▶ **What you need to do**: Leaving pictures aside, restate exactly the lines of the data below, from the first one through the line that contains "وقرأ أبو حرام".

▶ **Material for this task**:
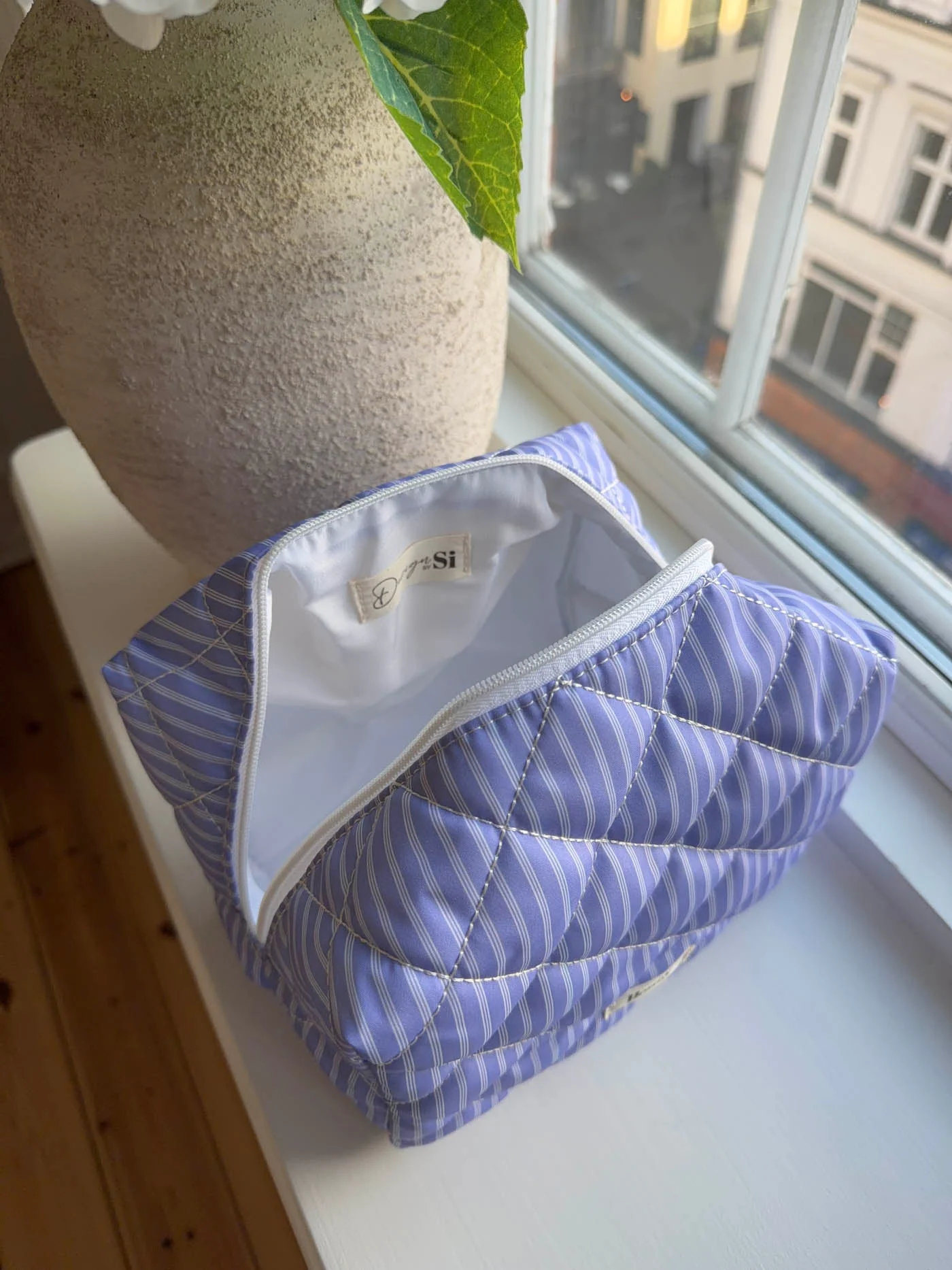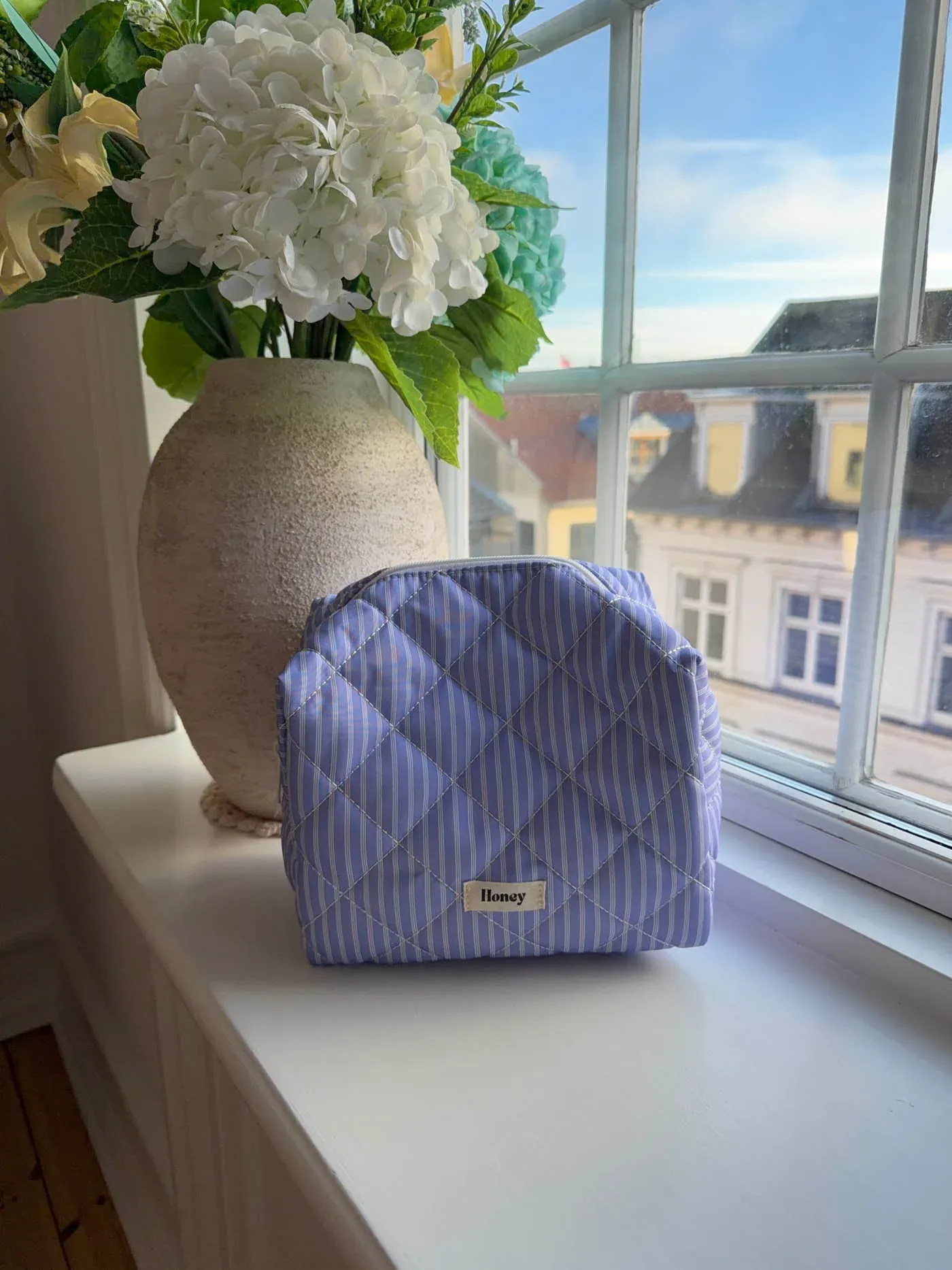 Honey large toiletry bag with stripes - Blue/white
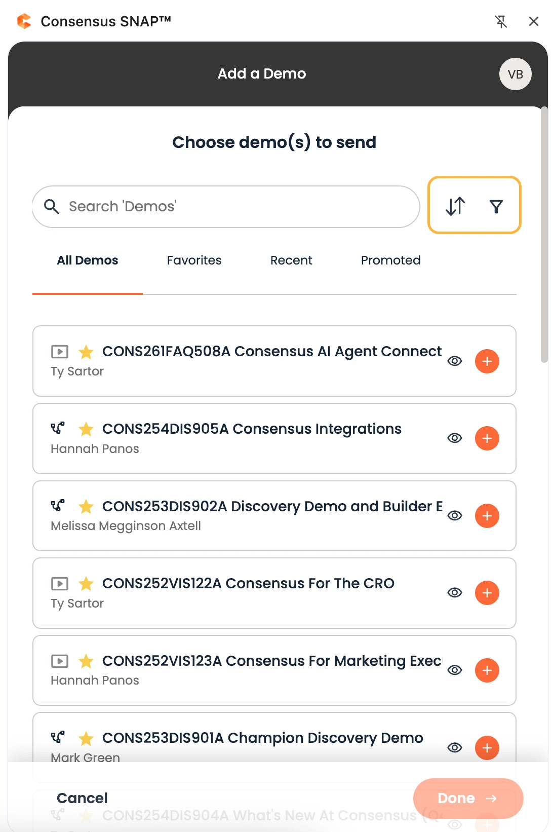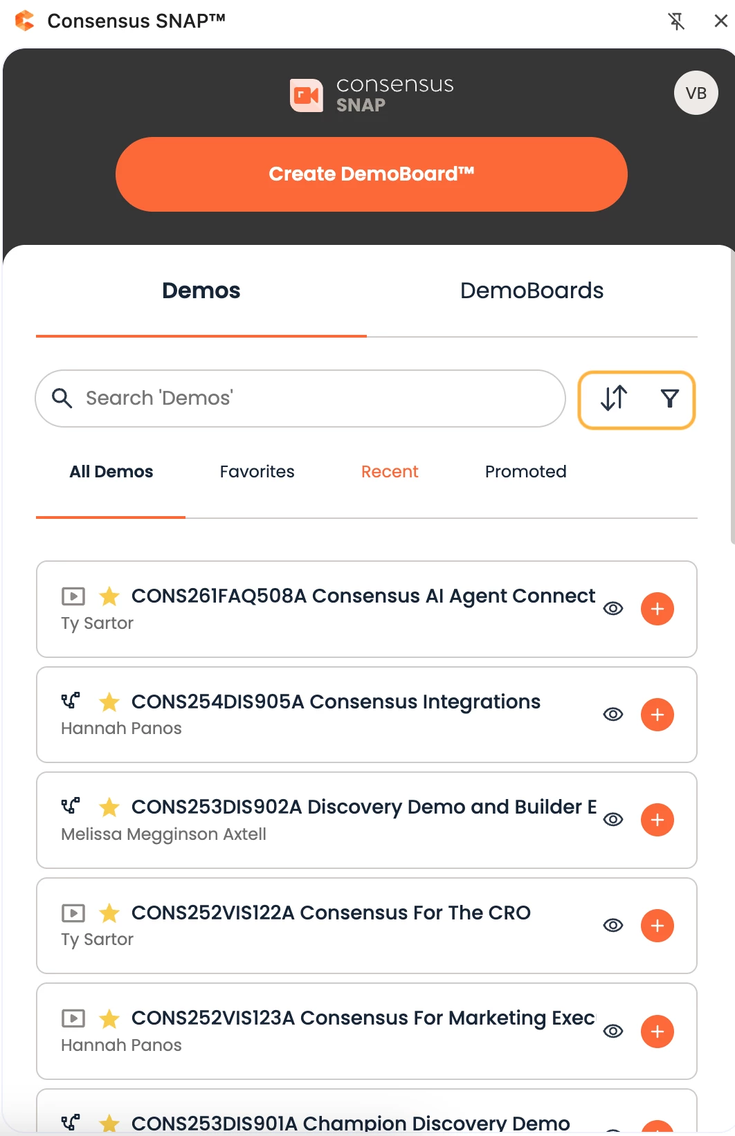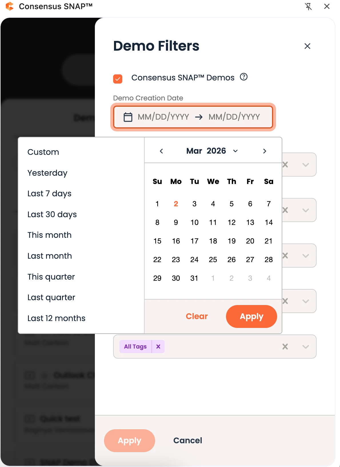 1. Consensus SNAP™ Demos → filters demo search results by only demos created within Snap
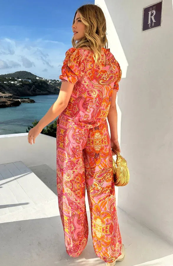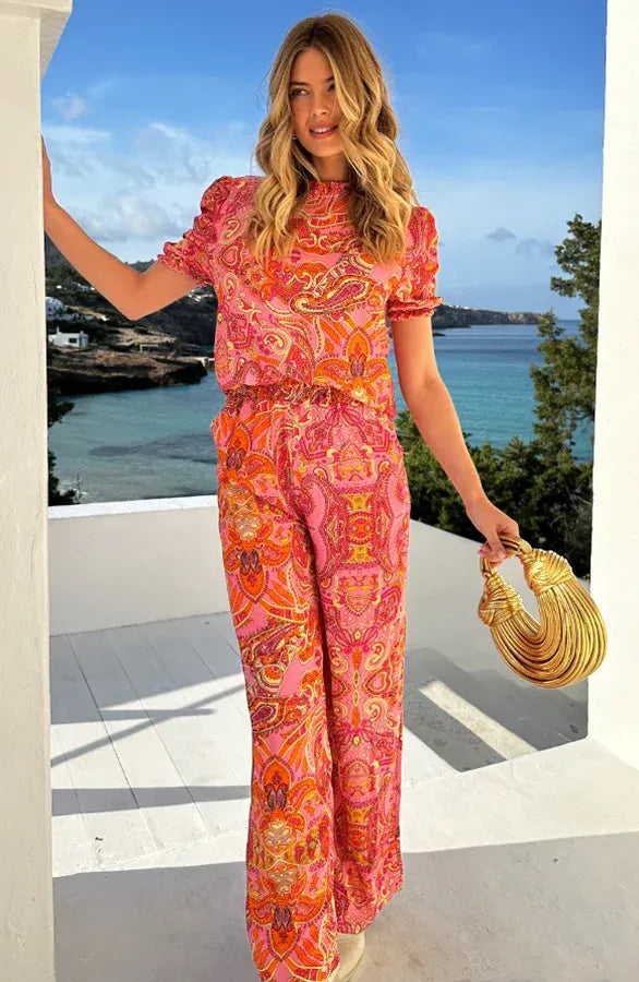 Das Bridget | Modisches Set bestehend aus gerafftem Oberteil und weitem Schnitt kombiniert trendbewusste Details mit eleganter Vielseitigkeit. Perfekt für entspannte City-Tage, stilvolle Freizeit-Outfits oder moderne Bürolooks – dieses Set verleiht dir einen lässig-eleganten Auftritt mit Komfort.
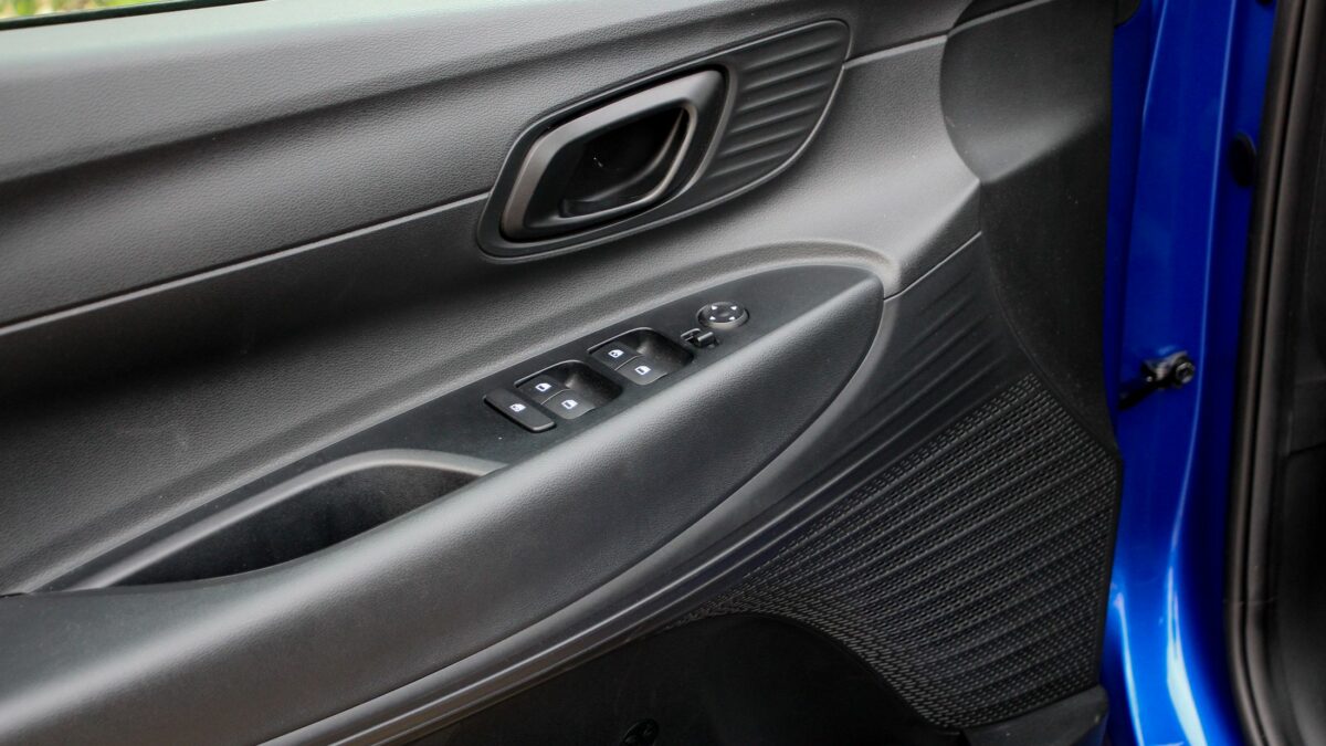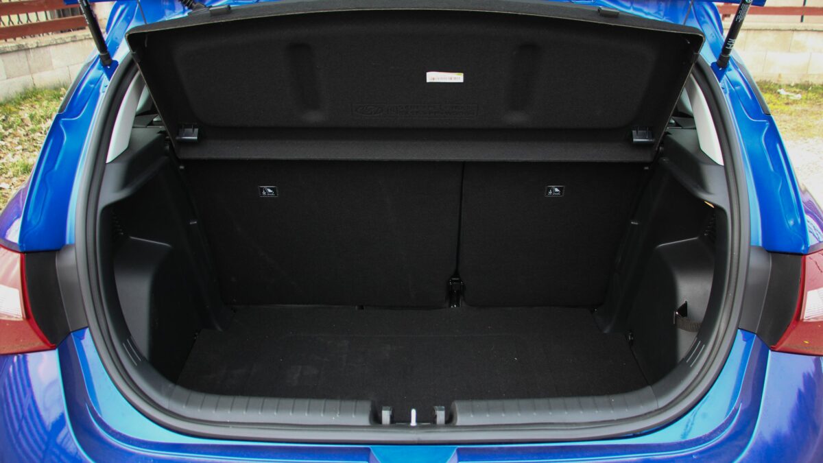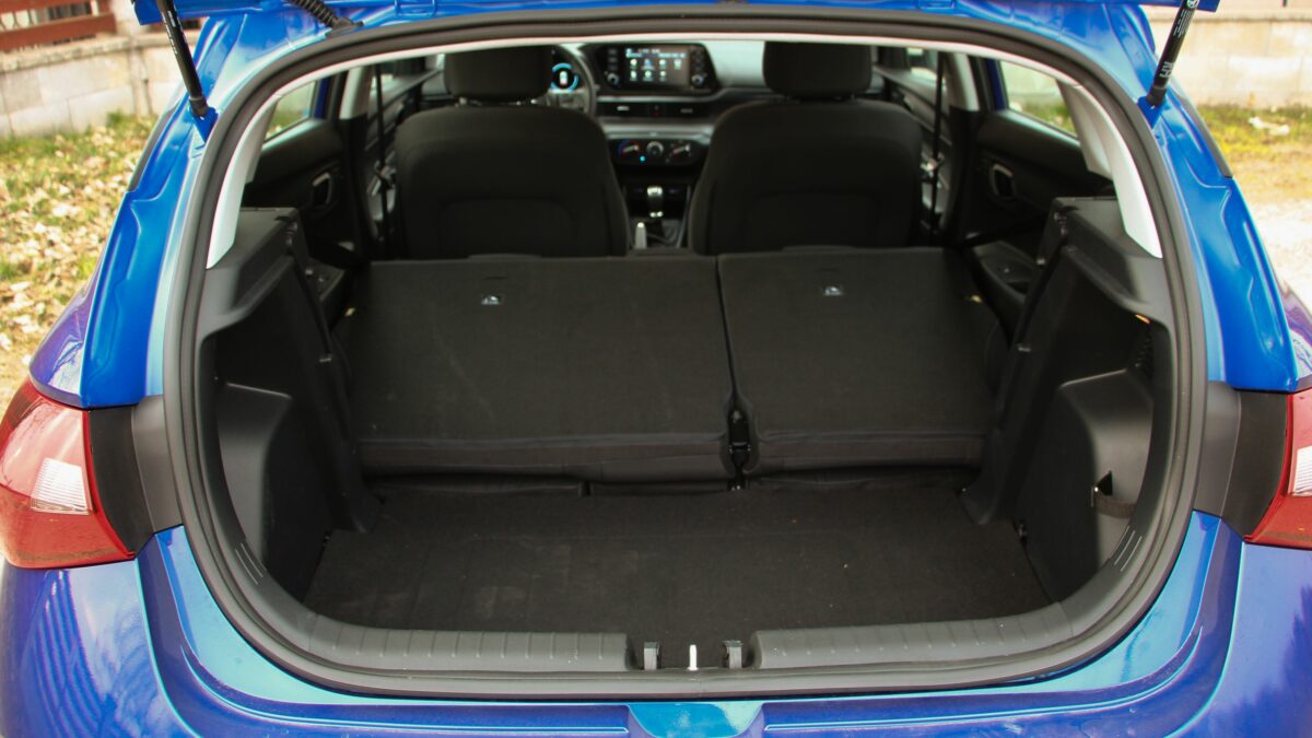 Mérlegelve mindazt, amit az utastér nyújt, nincs ok elszomorodni. Bár a hangulat kissé komor a sok fekete és szürke műanyagtól, de ezen gyorsan túlteszi magát az ember, miután kényelmesen elhelyezkedett a szövetkárpitos ülésekben. Ez a kényelem pedig elölre és hátulra is vonatkozik. Sőt még használható méretű csomagteret is kapunk, ugyanis alaphelyzetben 325 literes az i20 puttonya, de ez akár 1165 literesre is nőhet. Igaz, a padló nem lesz teljesen sík, és a padló alatt nem vár pótkerék, csak defektjavító készlet.
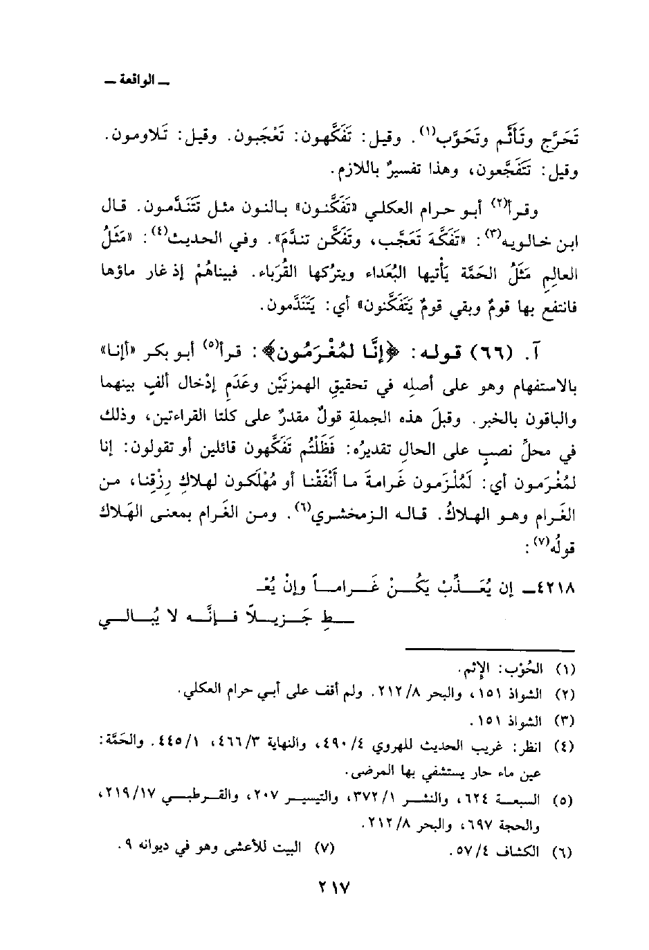 وقرأ أبو حرام العكلي «تَفَكَّنون» بالنون مثل تَتَنَدَّمون. قال ابن خالويه: «تَفَكَّهَ تَعَجَّب، وتَفَكَّن تندَّمَ» . وفي الحديث: «مَثَلُ العالِمِ مَثَلُ الحَمَّة يَأْتيها البُعَداء ويترُكها القُرَباء. فبيناهُمْ إذ غار ماؤها فانتفع بها قومٌ وبقي قومٌ يَتَفَكَّنون» أي: يَتَنَدَّمون.
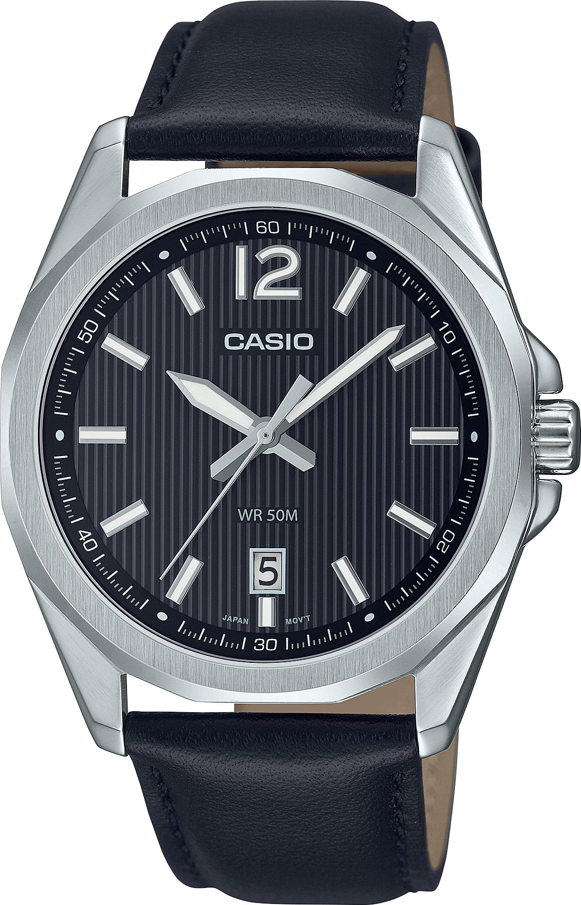 Мужские наручные часы Casio Collection MTP-E725L-1A. Точный кварцевый механизм с аналоговой индикацией. Ремешок изготовлен из кожи. Аккумулятор обеспечивает часы достаточным питанием приблизительно на 3 года. Браслет из нержавеющей стали. Прочное, устойчивое к царапинам минеральное стекло защищает часы от повреждений. На циферблате отображается текущее число месяца. Часы являются водонепроницаемыми до 5 Бар. Цвет циферблата: Серебристый. Цвет корпуса: Черный. На стрелки и отметки нанесен светонакопительный состав, благодаря этому считывать информацию с циферблата возможно и в темноте. Толщина: 9 мм. Гарантия: 2 года.
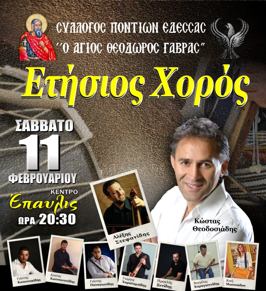 Ο Σύλλογος Ποντίων Έδεσσας “Θεόδωρος Γαβράς” σας προσκαλεί στον ετήσιο χορό στο Κέντρο Έπαυλις το Σάββατο 11 Φλεβάρη

▶ **Finished task**:
 Honey large toiletry bag with stripes - Blue/white
 1. Consensus SNAP™ Demos → filters demo search results by only demos created within Snap
 Das Bridget | Modisches Set bestehend aus gerafftem Oberteil und weitem Schnitt kombiniert trendbewusste Details mit eleganter Vielseitigkeit. Perfekt für entspannte City-Tage, stilvolle Freizeit-Outfits oder moderne Bürolooks – dieses Set verleiht dir einen lässig-eleganten Auftritt mit Komfort.
 Mérlegelve mindazt, amit az utastér nyújt, nincs ok elszomorodni. Bár a hangulat kissé komor a sok fekete és szürke műanyagtól, de ezen gyorsan túlteszi magát az ember, miután kényelmesen elhelyezkedett a szövetkárpitos ülésekben. Ez a kényelem pedig elölre és hátulra is vonatkozik. Sőt még használható méretű csomagteret is kapunk, ugyanis alaphelyzetben 325 literes az i20 puttonya, de ez akár 1165 literesre is nőhet. Igaz, a padló nem lesz teljesen sík, és a padló alatt nem vár pótkerék, csak defektjavító készlet.
 وقرأ أبو حرام العكلي «تَفَكَّنون» بالنون مثل تَتَنَدَّمون. قال ابن خالويه: «تَفَكَّهَ تَعَجَّب، وتَفَكَّن تندَّمَ» . وفي الحديث: «مَثَلُ العالِمِ مَثَلُ الحَمَّة يَأْتيها البُعَداء ويترُكها القُرَباء. فبيناهُمْ إذ غار ماؤها فانتفع بها قومٌ وبقي قومٌ يَتَفَكَّنون» أي: يَتَنَدَّمون.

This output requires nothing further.